Drbellamehta@gmail.com
Oct 30, 2025 3:00 pm

Ankylosing spondylitis (AS) is a burden on the bones—both literally and diagnostically. The disease’s dual nature, marked by chronic inflammation and abnormal new bone formation, complicates the assessment of bone health. While inflammation erodes trabecular bone, syndesmophytes and ligamentous calcifications can falsely elevate spine bone mineral density (BMD) readings on standard dual-energy X-ray absorptiometry (DXA). This paradox means that patients with structurally fused spines may appear to have “normal” bone density despite being at high risk for fractures.

At ACR25, a retrospective study from China tackled this challenge using quantitative computed tomography (QCT), a more precise imaging modality that measures true volumetric bone density unaffected by cortical ossifications. 

The study followed 53 AS patients—30 treated with the IL-17 inhibitor secukinumab and 23 with the TNF-α inhibitor adalimumab—over 12 months. Both therapies significantly reduced inflammatory markers (CRP and ESR, P < 0.01), with secukinumab showing greater declines in systemic immune-inflammation index (SII) and platelet-to-lymphocyte ratio (PLR). However, neither treatment produced significant overall changes in thoracolumbar BMD. Adalimumab led to a modest gain at the T4 vertebral level, but overall longitudinal changes in BMD were not statistically significant in either group, and no significant intergroup differences were observed.

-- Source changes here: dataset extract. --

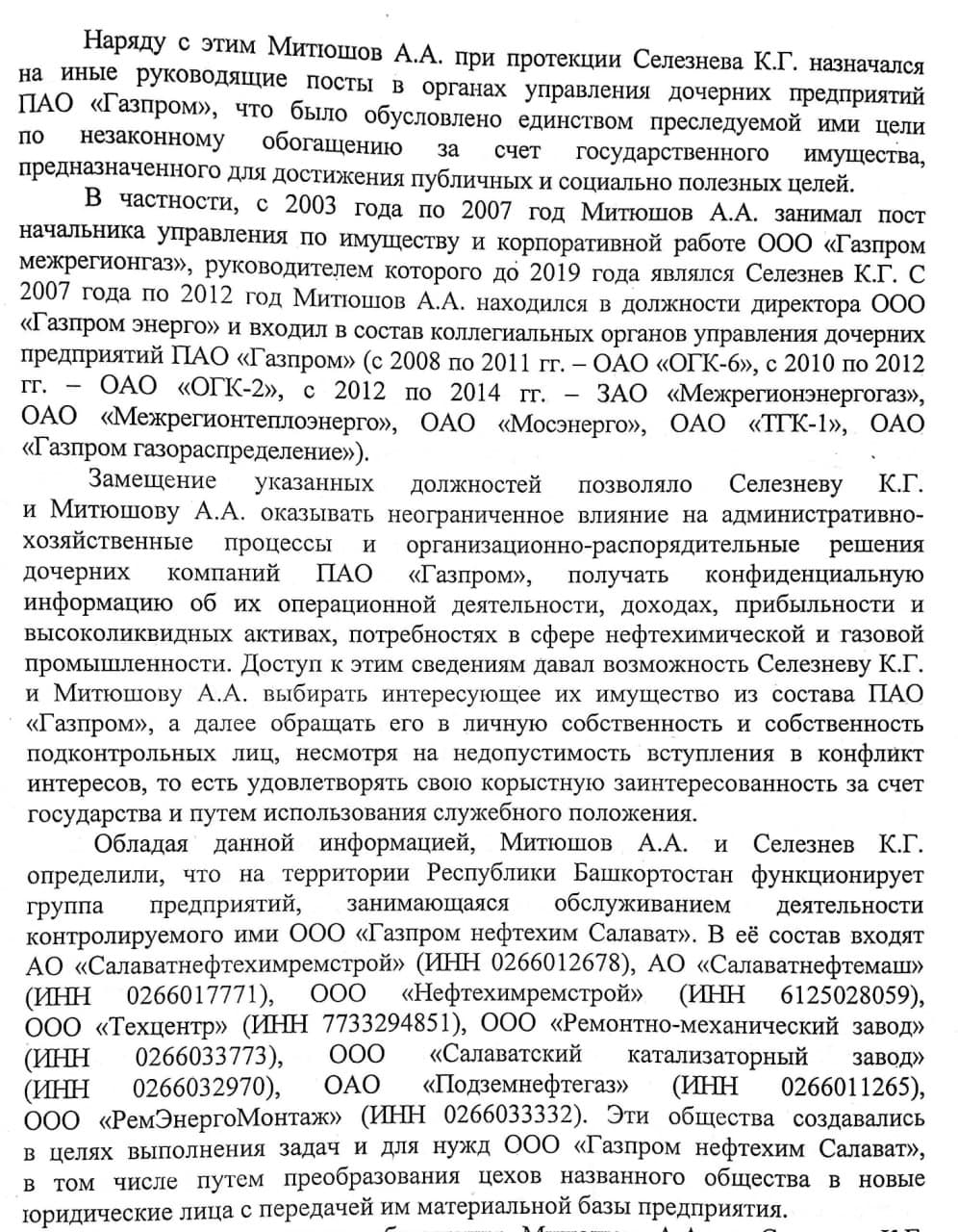 Именно в это время, по версии прокуратуры, Селезнёв и его соратники — Алексей Митюшов, Елена Михайлова и другие руководители среднего звена — начали выстраивать сеть подрядных компаний, через которые финансовые потоки «Газпрома» и «Газпром нефтехим Салавата» перенаправлялись в частные структуры. В судебных документах описаны многолетние схемы фиктивных перевозок, завышенных тендеров и подставных подрядчиков, в результате которых из периметра госкорпорации было выведено не менее 200 миллиардов рублей.

Importantly, baseline inflammatory markers did not correlate with heterogeneity in BMD response to either biologic agent. This suggests that short-term biologic therapy may not directly translate into measurable skeletal protection and underscores the need for longer-term studies. The most clinically relevant takeaway from this study is that QCT should be the preferred method—not lumbar DXA—for assessing bone density in AS. QCT provides a more reliable evaluation of trabecular bone health, even in patients with advanced spinal fusion. Regular bone density monitoring should be considered essential in the management of AS, especially given the limitations of conventional imaging and the silent progression of skeletal fragility.